BRIEF.
What should be copied is the stretch of entries below from the line with "white patterned intarsia" up to and including the line with "Neckline : StraplessShown", exactly and without images.
▬▬▬▬▬▬
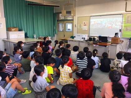 代表児童が現在全校で学習している「SGDs」の紹介や、がんばっていること、長堀小学校のマスコットキャラクター(クローバー君)の紹介などをしました。あっという間の交流タイムでした。第2回目が楽しみです。
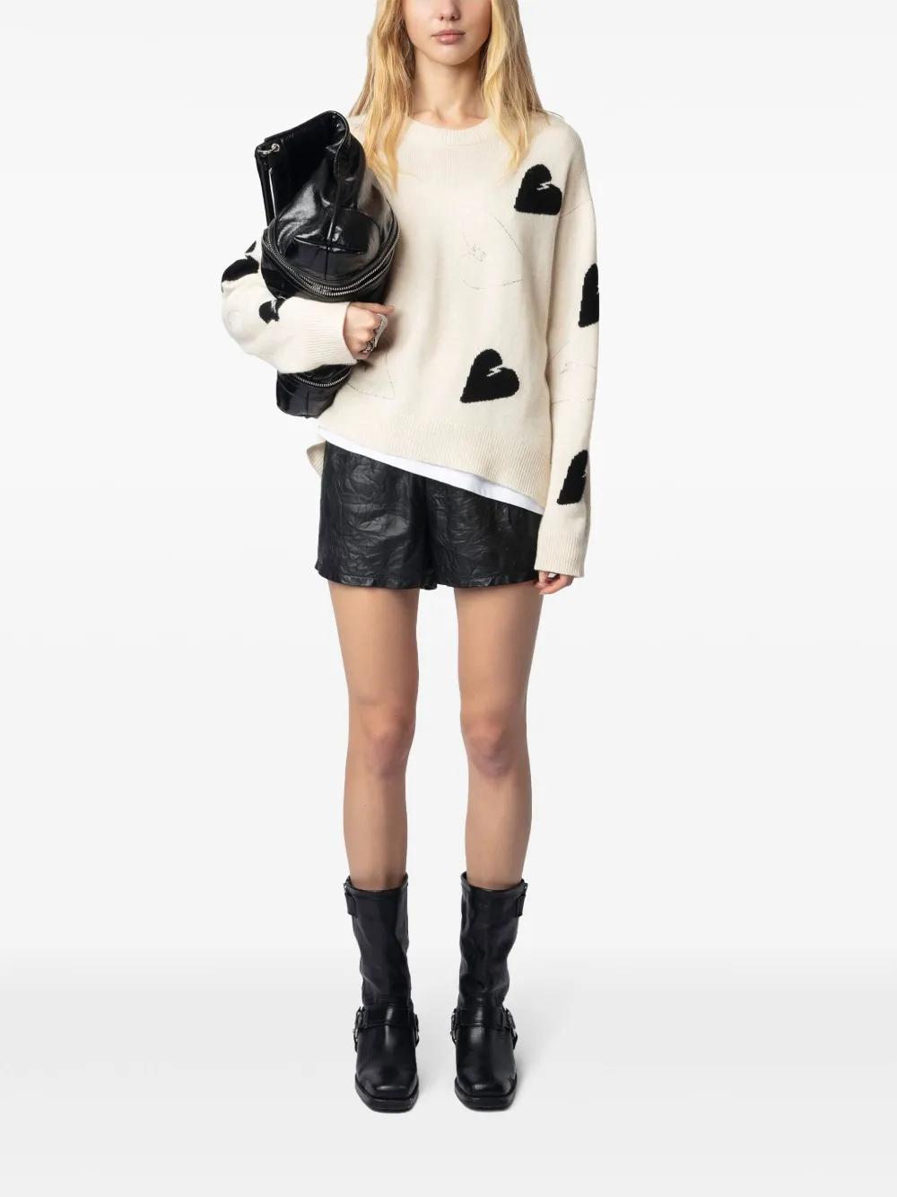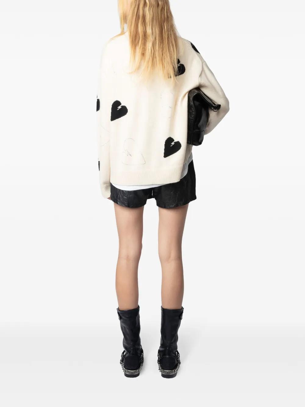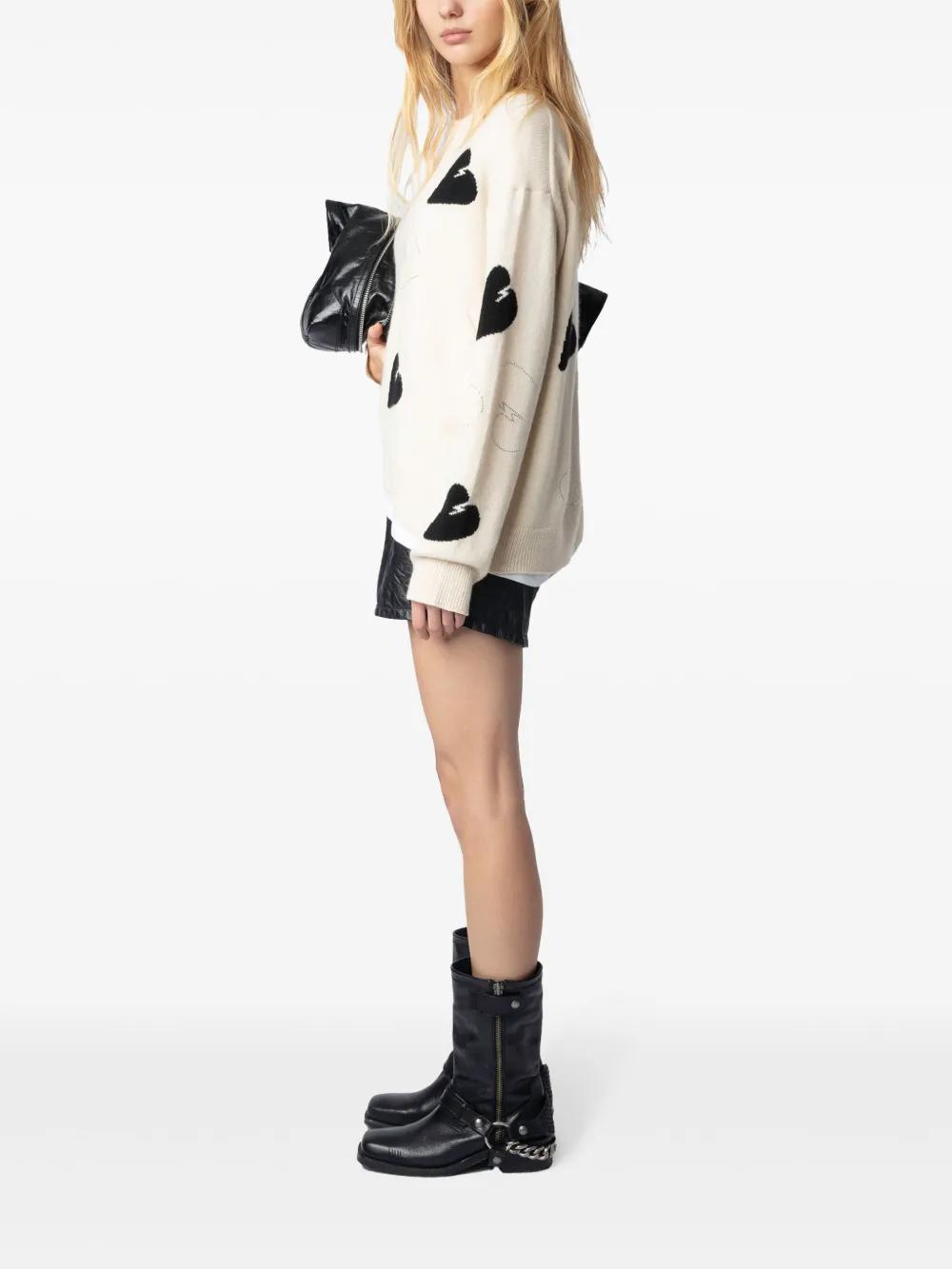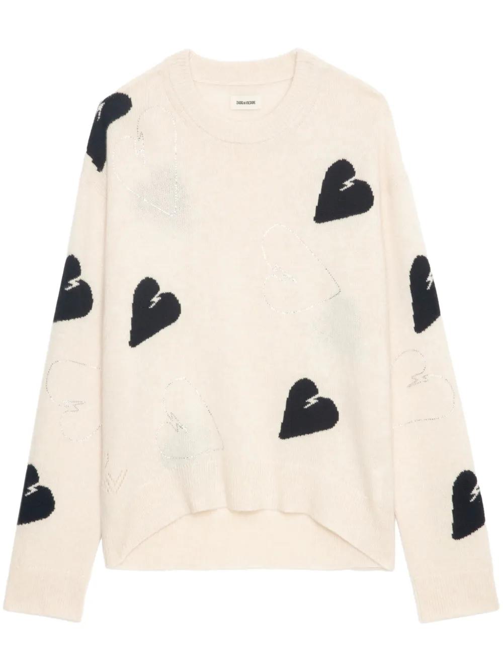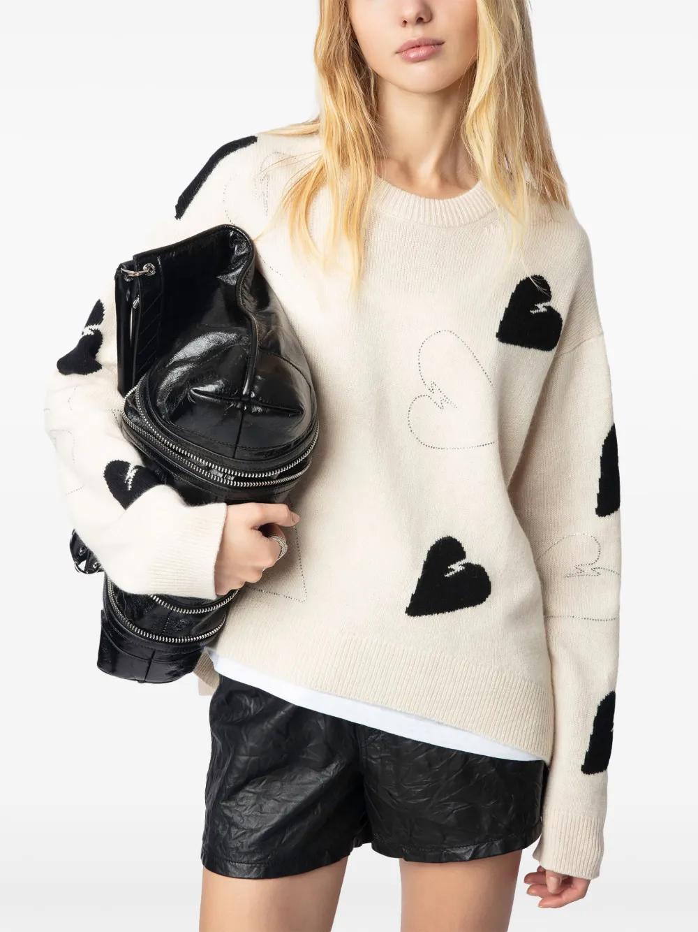 white patterned intarsia knit rhinestone embellishment round neck long sleeves
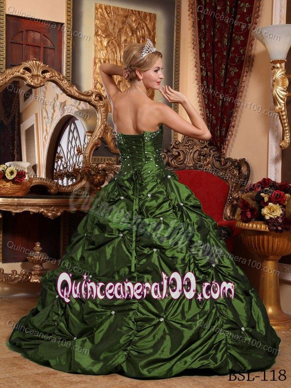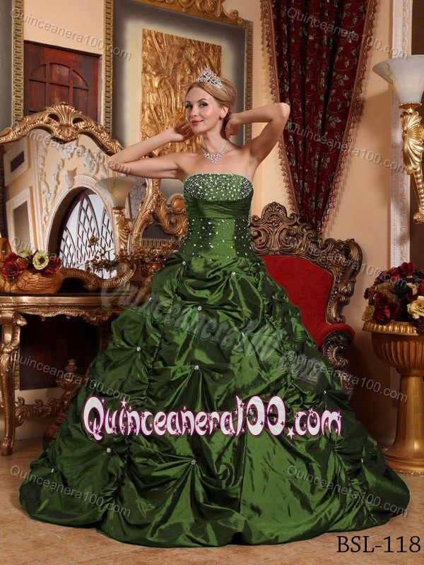 Neckline : StraplessShown Color : Olive GreenSilhouette : A-lineSleeve Length : sleevelessBack Detail : Lace upEmbellishment : BeadingOccasion : Sweet 16,QuinceaneraSeason : Spring,Summer,Fall,Winter
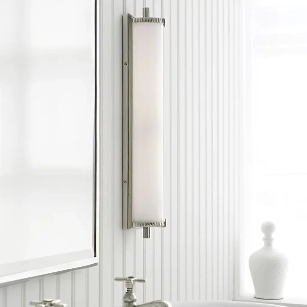 The Calliope Vanity Light by Visual Comfort Signature, formerly known as Visual Comfort, will add glamour and style to your vanity with a refined yet detail-oriented design. Unique finials and trim on the White glass shade reveal the craftsmanship inherent to this piece. The semi-cylindrical shade smoothly and evenly distributes light to the room.
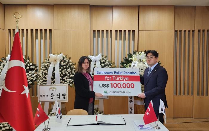 충청북도는 23일 주한튀르키예대사관에서 김명규 경제부지사와 주한튀르키예 2등 서기관이 참석한 가운데 튀르키예 지진 피해 구호금 기탁식을 가졌다. 대사관을 방문한 김 부지사는 애도와 위로의 마음을 담아 방명록을 작성하고, 지진 피해를 신속히 지원하기 위해 편성한 예비
▬▬▬▬▬▬
RESULT FOR THIS TASK.
 white patterned intarsia knit rhinestone embellishment round neck long sleeves
 Neckline : StraplessShown Color : Olive GreenSilhouette : A-lineSleeve Length : sleevelessBack Detail : Lace upEmbellishment : BeadingOccasion : Sweet 16,QuinceaneraSeason : Spring,Summer,Fall,Winter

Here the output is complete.